Bourgmont followed the same mode when he finally reached the Apache. He had first sent a representative with two captives "he bought from the Kansas for the purpose of returning them to their tribe - to advise their kinsmen that they were going to make peace." Before they left, he gave each a blanket and shirt, and sent a "small packet of vermillion, some beads, a kettle, an axe, some awls and some knives" to the chief.
François Gaillard reported the Apache chief had "listened in amazement as slaves praised the French."
The chief and some of his advisors went with Gaillard to the Kansa village where the recovered Bourgmont was waiting. When men from all the bands he had invited arrived, "M. de Bourgmont welcomed them and then ordered a great fire to be made in a beautiful space in front of the entrance to his tent."
Following what must have been known protocols, "on his right, he seated the chief of the Padoucas, then the head chief of the Missouris, and the Oto chiefs, and next the Iowa chiefs and the Kansa chiefs." Each was accompanied by "several warriors." Bourgmont had only two of his men present.
Bourgmont spoke first of peace and trade. His listeners responded by offering "their calumet pipes of peace to each other and to make compliments to one another, according to their fashion."
When the meetings were concluded, the Kansa chief invited Bourgmont, some of his men, and five men from each band "to come and feast at his dwelling." This gave him an opportunity to commit his band to Bourgmont’s mission.
Two days later Bourgmont left with the five Apache to visit their camp. He took seven Missouri, five Kansa, four Oto, three Iowa, and his own half-Missouri son. When they were "about a pistol-shot away from their camp" Bourgmont "ordered his tent put up, and had his Frenchmen stack their arms, with a single sentinel to gaurd them, at the entrance to this tent."
The Apache chief spoke to the warriors who came to investigate. "They spread a bison robe on the ground and placed M. de Bourgmont on it, with his son" along with two of the Frenchmen to take them into the camp. "Then they had us feast with them, with great rejoicing, and as night fell we returned to our camp."
In the days that followed, Bourgmont offered trade goods. They reciprocated with horses. And, "each morning they took the son of M. de Bourgmont into their dwellings and kept him the whole day, and they decided among themselves who would have him on a given day.

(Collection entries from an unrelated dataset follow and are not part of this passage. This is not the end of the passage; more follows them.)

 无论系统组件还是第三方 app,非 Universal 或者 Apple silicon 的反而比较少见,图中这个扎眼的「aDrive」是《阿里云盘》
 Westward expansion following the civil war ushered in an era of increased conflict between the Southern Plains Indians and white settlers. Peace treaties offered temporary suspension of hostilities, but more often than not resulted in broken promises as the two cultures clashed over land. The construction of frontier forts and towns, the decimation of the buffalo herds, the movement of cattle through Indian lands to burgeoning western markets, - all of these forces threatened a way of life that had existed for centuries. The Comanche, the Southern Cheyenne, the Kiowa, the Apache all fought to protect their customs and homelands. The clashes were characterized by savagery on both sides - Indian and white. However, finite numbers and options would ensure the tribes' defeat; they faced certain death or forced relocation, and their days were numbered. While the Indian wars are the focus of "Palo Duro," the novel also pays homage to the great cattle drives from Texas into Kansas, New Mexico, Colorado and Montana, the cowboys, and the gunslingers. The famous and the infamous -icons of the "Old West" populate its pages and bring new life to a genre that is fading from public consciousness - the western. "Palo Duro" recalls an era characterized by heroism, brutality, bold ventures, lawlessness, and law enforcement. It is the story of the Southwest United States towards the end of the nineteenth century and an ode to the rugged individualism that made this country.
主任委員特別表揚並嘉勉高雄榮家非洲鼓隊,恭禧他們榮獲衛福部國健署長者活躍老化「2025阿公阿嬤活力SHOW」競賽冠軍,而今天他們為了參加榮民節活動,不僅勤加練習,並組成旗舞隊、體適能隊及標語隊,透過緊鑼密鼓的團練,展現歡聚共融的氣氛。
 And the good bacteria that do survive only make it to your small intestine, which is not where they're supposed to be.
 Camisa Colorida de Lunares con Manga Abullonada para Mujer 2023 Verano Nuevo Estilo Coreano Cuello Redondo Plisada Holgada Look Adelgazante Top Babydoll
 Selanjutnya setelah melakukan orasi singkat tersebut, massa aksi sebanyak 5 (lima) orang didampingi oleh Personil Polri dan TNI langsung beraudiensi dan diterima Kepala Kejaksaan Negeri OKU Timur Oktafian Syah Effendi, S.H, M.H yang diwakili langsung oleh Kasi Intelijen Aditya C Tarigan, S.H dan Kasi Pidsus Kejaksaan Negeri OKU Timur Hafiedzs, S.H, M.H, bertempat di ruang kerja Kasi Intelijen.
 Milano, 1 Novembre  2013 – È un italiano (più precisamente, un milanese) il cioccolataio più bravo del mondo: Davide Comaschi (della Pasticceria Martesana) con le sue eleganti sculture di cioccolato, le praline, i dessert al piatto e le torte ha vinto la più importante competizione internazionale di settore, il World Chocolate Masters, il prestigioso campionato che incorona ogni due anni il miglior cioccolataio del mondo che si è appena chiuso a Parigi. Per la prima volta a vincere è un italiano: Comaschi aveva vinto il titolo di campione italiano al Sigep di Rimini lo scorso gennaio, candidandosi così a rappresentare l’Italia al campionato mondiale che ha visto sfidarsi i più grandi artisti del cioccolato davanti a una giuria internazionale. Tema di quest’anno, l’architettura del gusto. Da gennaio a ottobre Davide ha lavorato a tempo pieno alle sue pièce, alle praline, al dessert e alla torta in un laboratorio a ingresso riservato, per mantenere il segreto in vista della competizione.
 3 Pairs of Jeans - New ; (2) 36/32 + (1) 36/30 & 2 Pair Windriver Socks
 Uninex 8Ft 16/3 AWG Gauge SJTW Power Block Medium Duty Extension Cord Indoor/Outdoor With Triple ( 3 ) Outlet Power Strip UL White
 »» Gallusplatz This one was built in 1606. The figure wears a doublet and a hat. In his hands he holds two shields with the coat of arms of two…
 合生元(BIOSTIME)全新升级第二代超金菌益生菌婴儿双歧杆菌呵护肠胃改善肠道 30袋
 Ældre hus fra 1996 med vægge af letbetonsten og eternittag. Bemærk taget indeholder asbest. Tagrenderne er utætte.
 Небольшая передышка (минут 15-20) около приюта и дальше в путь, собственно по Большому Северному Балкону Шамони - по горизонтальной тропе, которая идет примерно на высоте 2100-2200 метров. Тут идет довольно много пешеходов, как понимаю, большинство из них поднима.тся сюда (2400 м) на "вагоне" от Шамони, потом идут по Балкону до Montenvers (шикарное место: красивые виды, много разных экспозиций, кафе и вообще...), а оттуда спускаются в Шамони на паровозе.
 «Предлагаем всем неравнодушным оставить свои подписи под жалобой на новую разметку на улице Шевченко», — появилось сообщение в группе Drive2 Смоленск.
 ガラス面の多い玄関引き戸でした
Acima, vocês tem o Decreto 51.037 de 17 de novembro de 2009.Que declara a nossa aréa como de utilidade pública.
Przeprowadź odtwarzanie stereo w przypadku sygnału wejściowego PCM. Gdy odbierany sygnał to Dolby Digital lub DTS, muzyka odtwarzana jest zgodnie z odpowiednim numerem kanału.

In the evening they would return him to his father in our camp."
The chief signaled he was ready to pledge his allegiance to the French by coming with the heads of the twelve villages and several warriors. "At once, he gave his hand to M. de Bourgmont and invited him to be seated on his right, and the others after him. Whereupon, M. de Bourgmont invited them all to smoke the great calumet of peace."
The next day, the chief invited him and his two aides "to my dwelling to have a feast." After they had eaten, men from the villages arrived with their women and children. The Apache leader gathered them together to inform them the French were now their allies.
Philippe de la Renaudiére noted, "In a word, one could hardly believe all the attention these people showered upon us during our stay with them." They gave his son the most precious of all gifts, "a dozen blue stones, strung together like a rosary."
They had arrived on October 18. The weather turned bad on the 21st with rain turning to sleet. The French left the next day.
Three years later, the agent of the viceroy concluded the French alliance with the plains Apache constituted no danger to New Spain, "since the purpose of the French have in appearing there is but to trade their goods, muskets and arms with the savages [...] as they are accustomed, especially living among the Pawnees at a distance of two hundred leagues from Santa Fé."
Notes: The French term for Apache was Padouca. A calumet pipe were shared to indicate men from two groups had no hostile intentions to each other. As Marquette learned, it only spanned the time of the meeting, and was no guarantee of permanent peace. The calumet had to be renewed at each meeting. Placing men on the right was made them counter-clockwise in the circle. The blue stones were turquoise.
Marquette, Jacques. Journal included in Claude Dablon’s "Le Premier Voÿage Qu’a Fait Le P. Marquette vers le Nouveau Mexique," translated by Reuben Gold Thwaites in The Jesuit Relations and Allied Documents, volume 59, 1899.
Norall, Frank. Bourgmont, 1988.
Renaudiére, Philippe de la. Journal of the Voyage of Monsieur de Bourgmont, translation in Norall.
Revolledo, Juan de Oliván. Report to the viceroy, Juan de Acuña, 21 November 1727; translation in Alfred B. Thomas, After Coronado, 1935.